Check whether the parent company's treatment of the investment income of subsidiaries is accounted for using the equity method in accordance with the accounting system and whether the minority shareholders' rights are correctly reflected. Whether the amount of the parent company's equity capital investment in the subsidiary is offset by the share held by the parent company in the owner's equity of the subsidiary.

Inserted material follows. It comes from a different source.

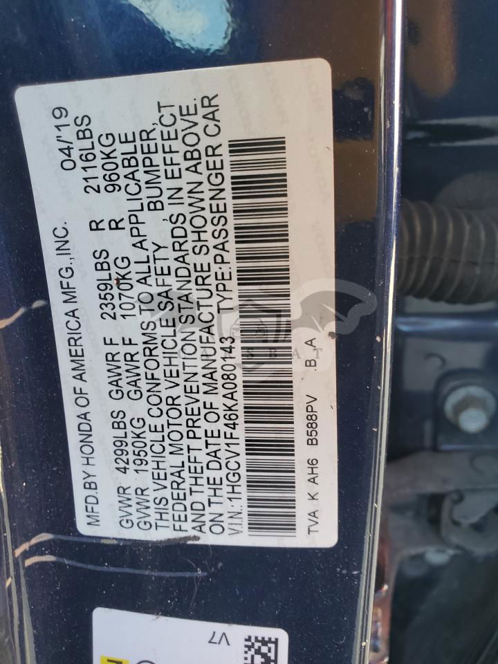 • VIN: 1HGCV1F46KA080143

Check the offset of creditor's rights and debts between the subsidiary and the parent company and between the subsidiaries. According to the relevant information, verify whether the creditor's rights and debts really exist; check whether the parent company will offset the consistent creditor's rights and debts according to procedures and regulations; check the inconsistencies of creditor's rights and debts item by item to determine whether they should be offset and how much; Whether the provision for bad debts provided by internal accounts receivable has been offset against management expenses and whether the offset amount is correct.
Check whether the mutual offset of unrealized internal sales profits is correct. On the basis of checking the original data, a partial check of the offsetting entries was conducted to verify the correctness and authenticity of the parent company's offsetting of internal sales and unrealized profits between the parent, the subsidiary and the subsidiary.
(4) Check whether the group company has prepared a complete offsetting accounting entry, use the prescribed offsetting procedure to prepare the entry for testing, and see if there is any summary that has not been prepared and the offsetting entry has not been prepared and the preparation of the offsetting entry is incorrect. And other issues.
Purpose of the audit
The purpose of audit refers to the objectives and requirements to be achieved by the audit, and is the guide for audit work. The audit purpose includes general purpose and special purpose.
The general purpose of audit is that the CPA audits the accounting statements of the audited entity and expresses an audit opinion. The CPA audit opinion usually includes fairness, legality, and consistency. Fairness is the primary content of audit opinions issued by certified public accountants. Legality means that the certified public accountant should evaluate whether the preparation and reporting of the audited entity's accounting statements and its financial accounting treatment have complied with the accounting standards and other relevant national financial accounting regulations. Consistency means that the CPA should evaluate whether the audited unit's treatment method meets the requirements of the consistency principle.
The special purpose of audit is that the certified public accountant audits specific matters other than the annual accounting statements of the audited unit and expresses an audit opinion. Special audit opinions generally include aspects of fairness, legality, and consistency, except that the objects expressed in the audit opinions are different.